▶ Given information

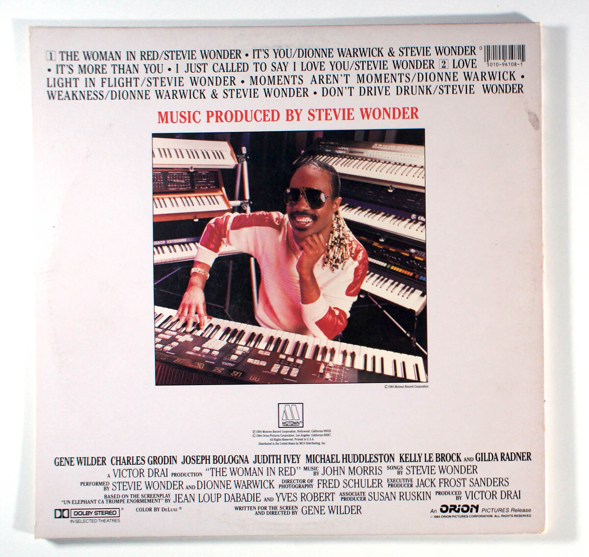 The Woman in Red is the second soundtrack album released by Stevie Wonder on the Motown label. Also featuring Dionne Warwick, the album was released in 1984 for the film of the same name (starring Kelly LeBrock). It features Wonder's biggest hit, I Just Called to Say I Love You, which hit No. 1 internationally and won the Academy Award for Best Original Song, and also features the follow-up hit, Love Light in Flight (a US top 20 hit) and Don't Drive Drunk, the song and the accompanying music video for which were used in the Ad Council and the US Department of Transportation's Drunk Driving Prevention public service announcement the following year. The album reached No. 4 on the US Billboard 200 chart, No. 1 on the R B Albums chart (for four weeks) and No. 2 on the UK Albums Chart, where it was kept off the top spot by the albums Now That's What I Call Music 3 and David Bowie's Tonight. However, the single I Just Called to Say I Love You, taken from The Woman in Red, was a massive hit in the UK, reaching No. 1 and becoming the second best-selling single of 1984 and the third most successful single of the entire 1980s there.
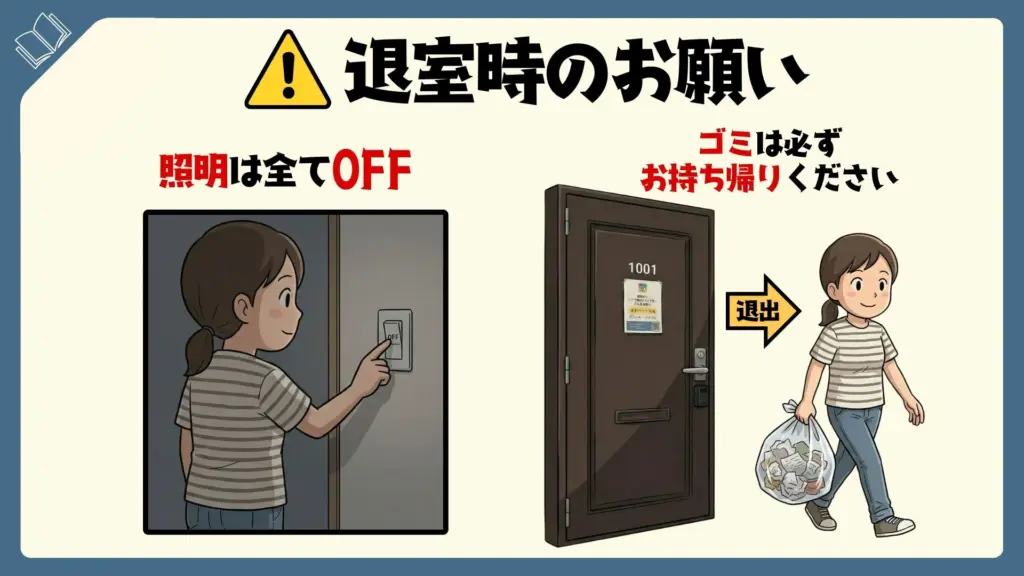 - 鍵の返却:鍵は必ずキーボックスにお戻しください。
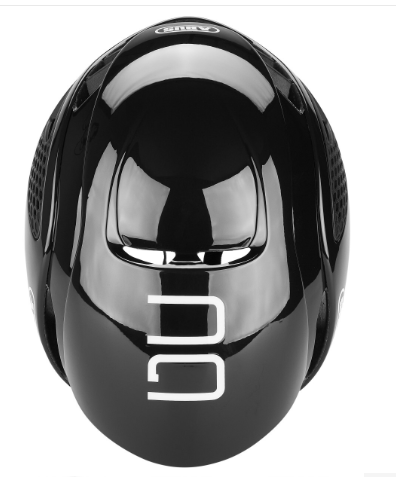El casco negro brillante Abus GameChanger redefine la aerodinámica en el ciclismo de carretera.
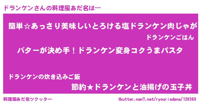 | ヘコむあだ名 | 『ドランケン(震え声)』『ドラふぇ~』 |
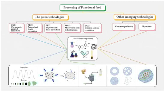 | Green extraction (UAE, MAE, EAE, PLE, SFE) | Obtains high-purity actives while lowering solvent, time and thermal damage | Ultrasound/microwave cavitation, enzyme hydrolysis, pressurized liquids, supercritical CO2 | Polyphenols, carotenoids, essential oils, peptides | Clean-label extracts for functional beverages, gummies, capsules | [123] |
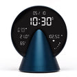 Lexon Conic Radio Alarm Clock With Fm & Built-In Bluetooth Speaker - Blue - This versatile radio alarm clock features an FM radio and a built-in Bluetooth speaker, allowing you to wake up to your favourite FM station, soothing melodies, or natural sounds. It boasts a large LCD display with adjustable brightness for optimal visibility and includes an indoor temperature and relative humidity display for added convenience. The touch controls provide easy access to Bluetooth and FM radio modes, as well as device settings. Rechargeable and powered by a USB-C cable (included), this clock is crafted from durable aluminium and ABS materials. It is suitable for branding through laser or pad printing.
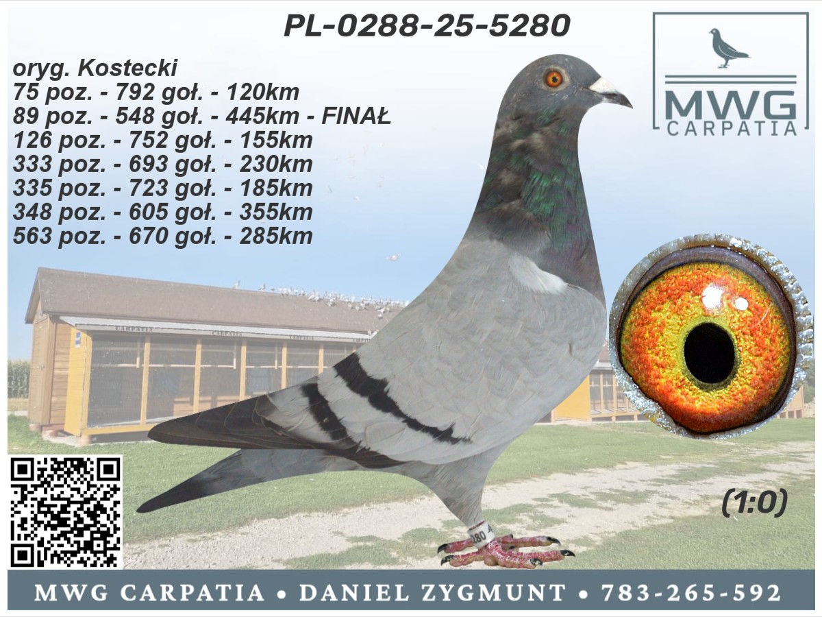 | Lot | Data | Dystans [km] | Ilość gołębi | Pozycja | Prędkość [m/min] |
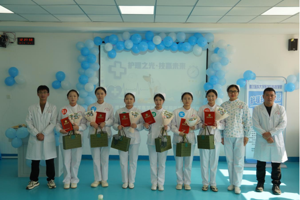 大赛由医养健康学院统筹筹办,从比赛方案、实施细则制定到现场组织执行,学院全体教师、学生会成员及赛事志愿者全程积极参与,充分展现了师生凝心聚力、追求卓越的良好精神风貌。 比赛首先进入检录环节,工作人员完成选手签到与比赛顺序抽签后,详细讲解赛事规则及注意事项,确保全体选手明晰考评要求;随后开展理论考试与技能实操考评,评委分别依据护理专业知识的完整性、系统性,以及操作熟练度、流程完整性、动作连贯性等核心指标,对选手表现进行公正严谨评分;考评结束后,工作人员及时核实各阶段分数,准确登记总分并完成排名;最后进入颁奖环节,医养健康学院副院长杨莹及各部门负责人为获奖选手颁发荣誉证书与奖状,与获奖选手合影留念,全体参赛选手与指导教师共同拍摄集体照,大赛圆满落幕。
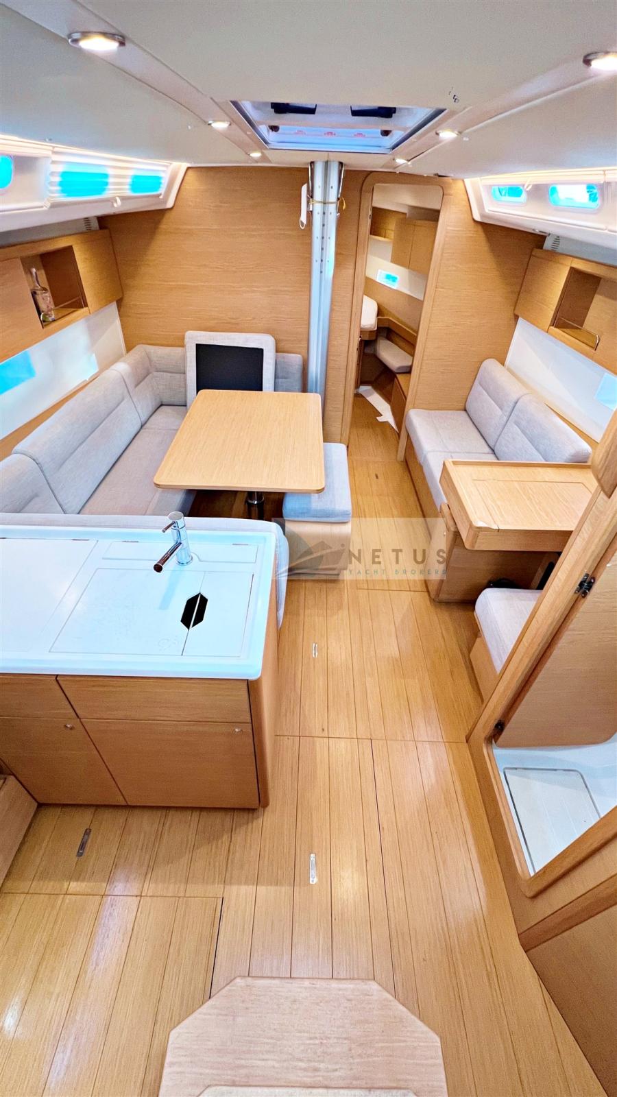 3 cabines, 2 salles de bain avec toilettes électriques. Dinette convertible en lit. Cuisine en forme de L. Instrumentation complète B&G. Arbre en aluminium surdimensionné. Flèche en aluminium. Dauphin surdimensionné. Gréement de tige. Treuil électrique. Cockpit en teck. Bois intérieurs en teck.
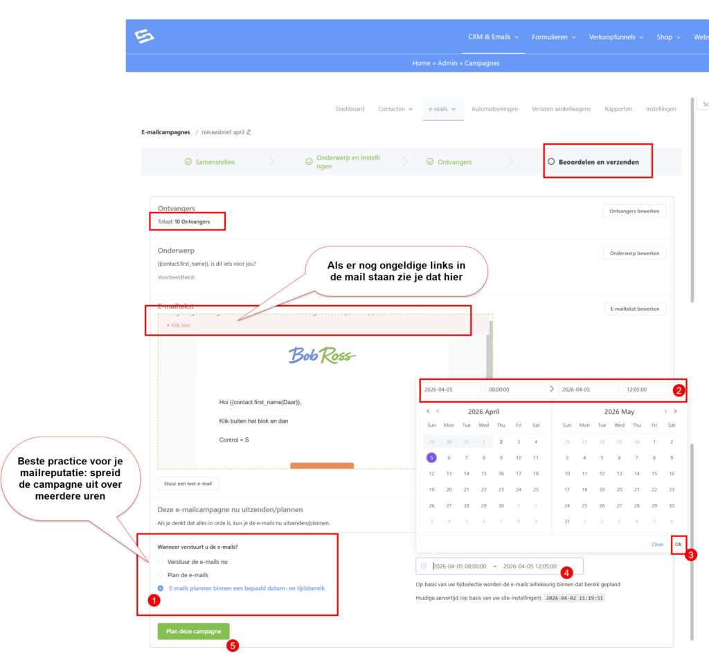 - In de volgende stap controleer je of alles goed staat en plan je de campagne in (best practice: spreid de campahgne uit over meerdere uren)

▶ What you need to do
Extract, without any images, the part of the material above that opens with the line containing "El casco negro" and closes with the line containing "capsules | [123] |", both lines included.

▶ Answer area
El casco negro brillante Abus GameChanger redefine la aerodinámica en el ciclismo de carretera.
 | ヘコむあだ名 | 『ドランケン(震え声)』『ドラふぇ~』 |
 | Green extraction (UAE, MAE, EAE, PLE, SFE) | Obtains high-purity actives while lowering solvent, time and thermal damage | Ultrasound/microwave cavitation, enzyme hydrolysis, pressurized liquids, supercritical CO2 | Polyphenols, carotenoids, essential oils, peptides | Clean-label extracts for functional beverages, gummies, capsules | [123] |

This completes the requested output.